Matt Cooper had an interesting article in the times on sunday, he basically said there needs to be a debate on whether we should pull out of the euro or not. The main reasons that it has not been as beneficial as some people thought it would be (ie our biggest trading partner is still outside it) and that it is out of kilter with our economy. You would have to agree with this but i suppose the problem is how would we fare by ourselves and from what I have read here not too well!!!


----------



## csirl (31 Jul 2008)

The UK is not in the Euro and has a much more robust currancy than the Punt ever was, yet it is fairing much worse that Ireland and the rest of the Eurozone in the current downturn. I would guess that if the Punt returned, its interest rate would be much higher than the Sterling one and the Irish economy would be hit harder than the UK.

Sweden has faired badly out of the decision not to adopt the Euro. The relative value of their currency to the old DM has halved since the introduction of the Euro.


----------



## z109 (31 Jul 2008)

leesider29 said:


> Matt Cooper had an interesting article in the times on sunday, he basically said there needs to be a debate on whether we should pull out of the euro or not.
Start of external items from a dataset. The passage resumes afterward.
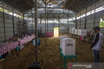 Petugas menunggu warga datang untuk pemungutan suara ulang (PSU) di TPS 11, Desa Kalukubula, Kecamatan Sigi Biromaru, Kabupaten Sigi, Sulawesi Tengah, Minggu (13/12/2020). Sebanyak empat TPS di Kabupaten Sigi melaksanakan PSU setelah ditemukan adanya pelanggaran pada pelaksanaan pemungutan suara 9 Desember 2020 lalu. ANTARA FOTO/Mohamad Hamzah/rwa.
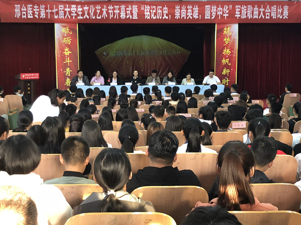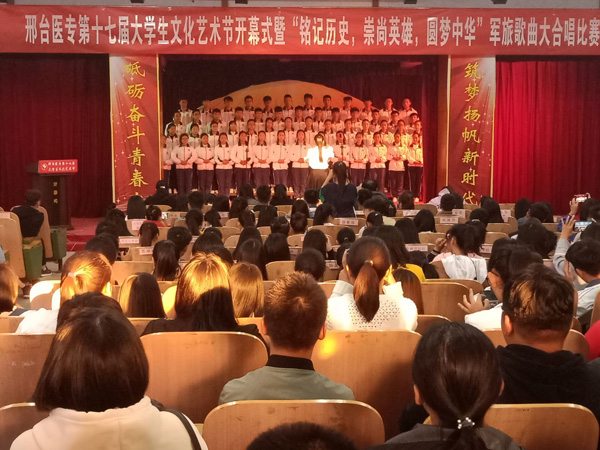 为全面拓展广大青年学生素质,展现Beat365青年学生的青春风采和精神面貌,营造纪念改革开放四十周年的良好氛围,引导大学生树立为实现中华民族伟大复兴的“中国梦”而努力奋斗的目标,10月11日下午,校团委在学术报告厅举办第十七届大学生文化艺术节开幕式暨“铭记历史,崇尚英雄,圆梦中华”军旅歌曲大合唱比赛。团委副书记卢青、甄帅和各系团总支书记参加了开幕式并担任评委。各系学生代表200余人观看了开幕式和大合唱比赛。
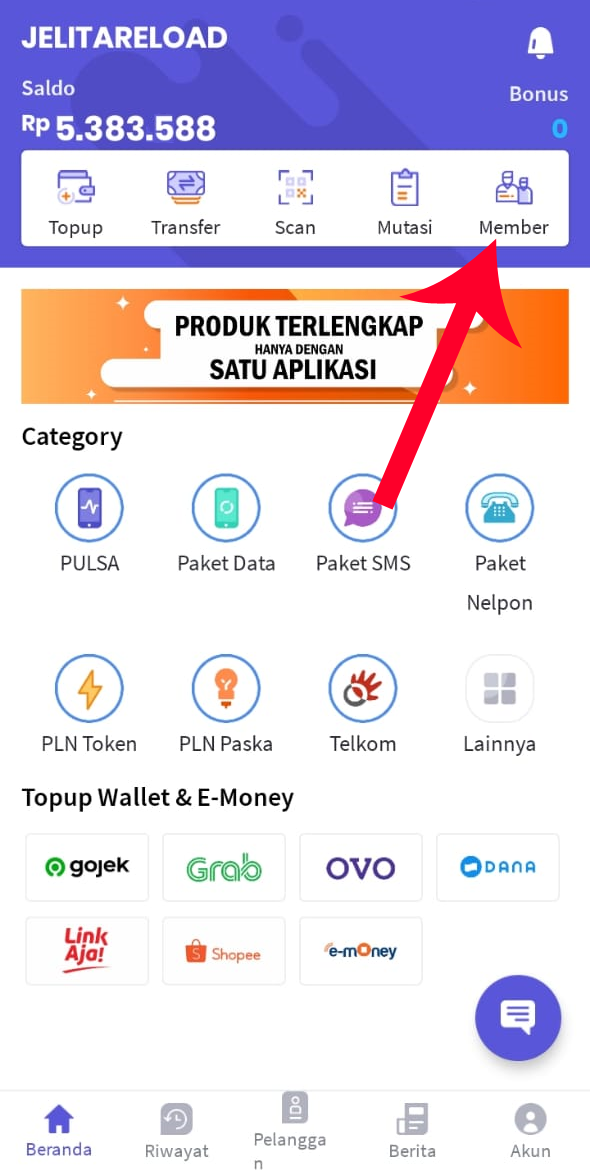 Cara mendaftarkan downline, selain menggunakan format daftarkan downline yang dikirim melalui SMS, WhatsApp, Telegram, dan juga sistem Autoreg, Anda juga bisa mendaftarkan downline melalui link referral yang diarahkan langsung ke aplikasi android. Link referral bisa didapatkan di aplikasi android akun anda. Klik “Member” di sisi kanan atas, di bawah hasil Bonus. Lalu, klik “Link Member” untuk mendapatkan link referral. Setelah masuk di halaman “Link Member“, klik tanda “Tambah ( + )” di pojok kanan bawah. Kemudian isi “Nominal Mark Up“ sesuai dengan keinginan Anda, misalkan 50, lalu klik “Tambahkan“.
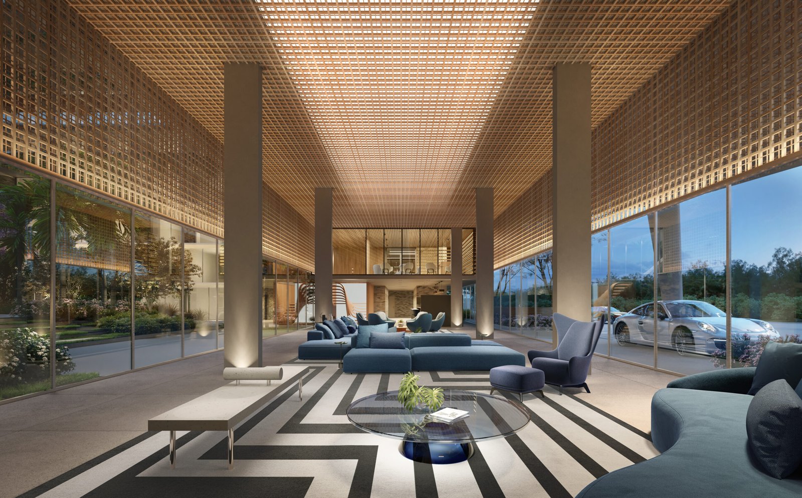 Lobby imponente com design contemporâneo
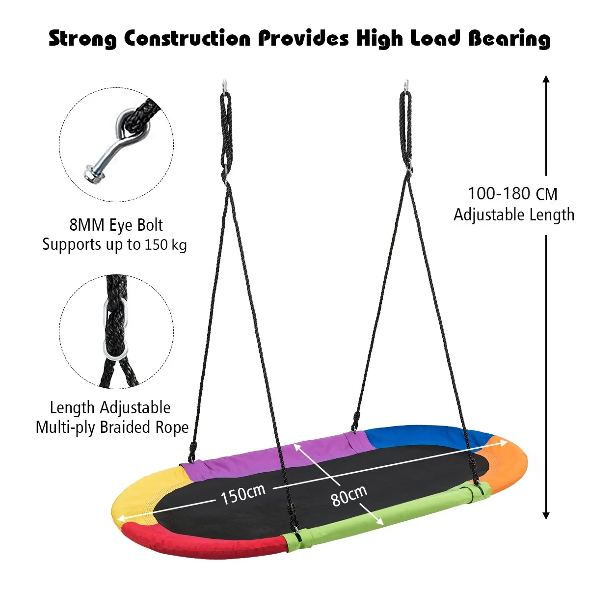 Deze ovale schommel is gemaakt van hoogwaardige materialen, die stevig en duurzaam zijn. Met het verstelbare schommeltouw op 100-180 cm, is deze schommel geschikt voor verschillende locaties en ruimtes van verschillende afmetingen. Met een gewichtscapaciteit van 150 kg en een reusachtige ruimte van 150 cm, is hij ruim genoeg voor meerdere kinderen om samen te schommelen en te spelen! De schommel biedt een ontspannende plek voor u en uw kinderen om te spelen, te lezen, naar muziek te luisteren. En het helpt kinderen ook om vriendschap op te bouwen en bevordert de ouder-kind interactie. Bovendien kunt u met deze schommel niet alleen het plezier van het vliegen ervaren, maar ook uw lichaam en evenwichtsvaardigheid opbouwen.

The main reasons that it has not been as beneficial as some people thought it would be (ie our biggest trading partner is still outside it) and that it is out of kilter with our economy. You would have to agree with this but i suppose the problem is how would we fare by ourselves and from what I have read here not too well!!!


The UK is our second biggest single export partner (after the US), but we export more in total to the eurozone (when you add all the eurozone countries together).

We import by far most of our stuff from the UK, so they are our biggest trade partner, but this is surely not a situation we want to continue considering we are being stiffed on this? Why should we be sourcing Dutch made fruit and veg., canned products etc. from the UK instead of directly from Holland? Next time you buy something, have a look at where it originates from!


----------